WHAT YOU SHOULD DO: Print, exactly as they appear in the listing below, the lines from the line with "Fine CeLaVi rainwear" to the line with "コットン100%で編み上げた", with both end lines kept.

MATERIAL FOR THIS TASK:
● ● ● ●

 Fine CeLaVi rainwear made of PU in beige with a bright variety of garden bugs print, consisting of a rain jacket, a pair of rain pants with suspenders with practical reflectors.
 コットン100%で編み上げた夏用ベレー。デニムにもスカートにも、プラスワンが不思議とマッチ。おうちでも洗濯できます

● ● ● ●

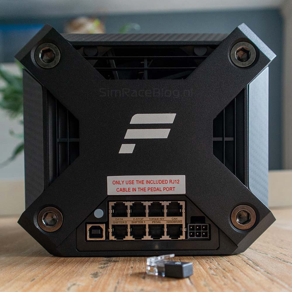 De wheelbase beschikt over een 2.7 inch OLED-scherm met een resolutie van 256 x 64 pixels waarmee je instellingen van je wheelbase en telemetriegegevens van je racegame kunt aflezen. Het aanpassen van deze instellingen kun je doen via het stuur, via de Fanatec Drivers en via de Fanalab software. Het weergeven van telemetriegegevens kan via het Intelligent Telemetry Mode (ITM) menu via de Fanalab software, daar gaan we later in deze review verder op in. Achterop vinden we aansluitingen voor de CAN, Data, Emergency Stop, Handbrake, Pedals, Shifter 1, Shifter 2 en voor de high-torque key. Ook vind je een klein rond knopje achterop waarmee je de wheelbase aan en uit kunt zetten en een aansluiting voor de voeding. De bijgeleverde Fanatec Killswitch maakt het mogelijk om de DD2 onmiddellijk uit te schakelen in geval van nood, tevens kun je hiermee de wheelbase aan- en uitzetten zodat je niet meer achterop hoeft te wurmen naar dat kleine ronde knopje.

● ● ● ●

REPLY TO THE TASK:
 Fine CeLaVi rainwear made of PU in beige with a bright variety of garden bugs print, consisting of a rain jacket, a pair of rain pants with suspenders with practical reflectors.
 コットン100%で編み上げた夏用ベレー。デニムにもスカートにも、プラスワンが不思議とマッチ。おうちでも洗濯できます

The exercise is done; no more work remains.